Вновь в течение бесконечных секунд я безумствовал, дергался и сражался, прежде чем меня усадили на полу, прежде чем отвели голову назад, вставили бутылку в горло и зажали нос.

А потом меня утопили в Ежи Ковальском.

То, что наступило потом, то было какое-то такое странное, эйнштейновское время. Являющееся бесконечностью, пока ты находился внутри него, и кратким, как вспышка, пока ты был вне его. Оно состояло из постоянно повторяемого вопроса: "Где находится книга?", а еще – гейзеров боли. Попеременно. И моих отчаянных, все более беспомощных ответов. Всех возможных.

А еще, находясь за пределами тела, можно орать до разрыва горла, можно обмочиться, можно бессильно угрожать, можно плакать. Нужно только лишь найти способ, чтобы довести до этого. Они нашли. Массу способов.

Иногда им делалось скучно.

Пан Стальные Пальцы отдыхал минутку и философствовал.

– Не понимаете вы ситуацию. Я, только лишь очутился здесь, сразу же понял. Разве это похоже на небо? – Он раскинул руки в риторическом жесте. – Не выглядит. А это означает, что буду здесь нужен. Буду нужен власти. Сколько лет я ожидал, чтобы этот черный телефон позвонил. Чтобы кто-то нас заметил. Чтобы кто-то нас заметил, чтобы отдал распоряжение. Публичная безопасность должна быть сохранена. Ведь, подумать, это что же получилось бы? Но телефон не звонил. Вплоть до сегодня. И нам приходилось справляться самим. И вот он вчера зазвонил, причем, по вашему делу. Уже и не упомню, с каких пор ожидаю, а он позвонил. Так что не пиздите мне тут, будто бы не знаете, в чем дело, потому что нервы у меня не железные! Ну! Тогда начнем еще раз: где книга?

Какое-то время я валялся на холодном цементе, словно мокрая тряпка. А потом как-то даже собрался. Настолько, чтобы подняться на ладони и колени, потащиться к стене и опереться о нее спиной. Совсем темно не было, моя кровь рассеивала рыжий, неоновый отсвет.

Сергей Черный Волк рассказывал мне про колдунов, которых советская власть пыталась искоренить. Рассказывал про своего деда, Уйчука, которого арестовывали несколько раз в различные периоды борььы с реакционным суеверием. Приезжали с огромной помпезностью, на автомобилях, человек восемь или десять, забирали под охрану и везли несколько сотен километров, в область. А на следующий день дед сидел на пороге перед своим домом, пыхал трубкой и чинил собачью упряжь. По мере течения времени автомобили делались все более хитроумными, точно так же, как оружие тех, которые приезжали.

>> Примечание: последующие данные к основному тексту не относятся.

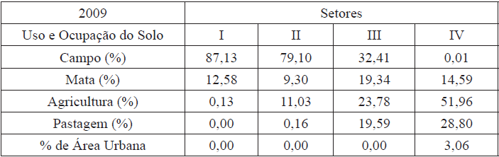 A Figura 5 mostra a divisão da Bacia em setores; a Tabela 2 mostra os resultados encontrados, por setor, com a ajuda do levantamento realizado com as imagens do ano de 1989. A Tabela 3, mostra a análise de uso e ocupação nas imagens de 2009, por setor, adaptado do Projeto Grande Minas.

В первый раз его забирали разболтанным грузовиком ЗИС, угрожая помнящими еще царя "трехлинейками" с примкнутыми штыками и револьверами "наган"; потом у них появились "виллисы" и ППШ, а в последний раз уже был снегоход на гусеницах и автоматы Калашникова.

Только эффект всякий раз был, более-менее, одинаковым, с тем только, что как-то раз дед вернулся из самого Магадана, и это заняло у него около трех дней.

"Шаман знает, что является важным, а что – нет. Важен мир людей, мир духов и мир умерших. Важны тайга, небо, звери. Решетки – неважны. А те были такими же, как решетки и винтовки. Были всего лишь беспорядком. Как болезнь. Нельзя перевернуть горы или повернуть вспять реку, потому что то – важные вещи. Но можно вернуться из Магадана, потому что он не настоящий".

Тогда я мало что из всего этого я понимал. Теперь же уцепился за эту мысль. Не мог я перестать думать про Сергеева деда.

Понятное дело, что я пытался молиться – чтобы меня спасли, помогли мне или хотя бы освободили. Но тогда перед глазами вставал несчастный Матфей на крыше из моей собственной байки. Поэтому я думал про старого Уйчука.

Он ничего не делал. Не танцевал, у него не было каких-либо магических орудий и приборов, грибов или каких-то субстанций. Ничего. Он сидел под стеной, оперев руки на колени, и глядел вдаль глазами, похожими на бойницы. Сквозь стены, заборы, колючую проволоку, минные поля, далеко-далеко за деревянные вышки с прожекторами и пулеметами.

А потом он появлялся под своим домом и брался за ремонт собачьей упряжи или варил овсянку.

Я сидел точно так же и пробовал проникнуть сквозь бетонные стены. Вся штука заключалась в том, что я не знал, куда возвращаться. Дед возвращался в собственный дом или шалаш, я же мог возвратиться только в свое тело. Если бы только знал, где оно находится.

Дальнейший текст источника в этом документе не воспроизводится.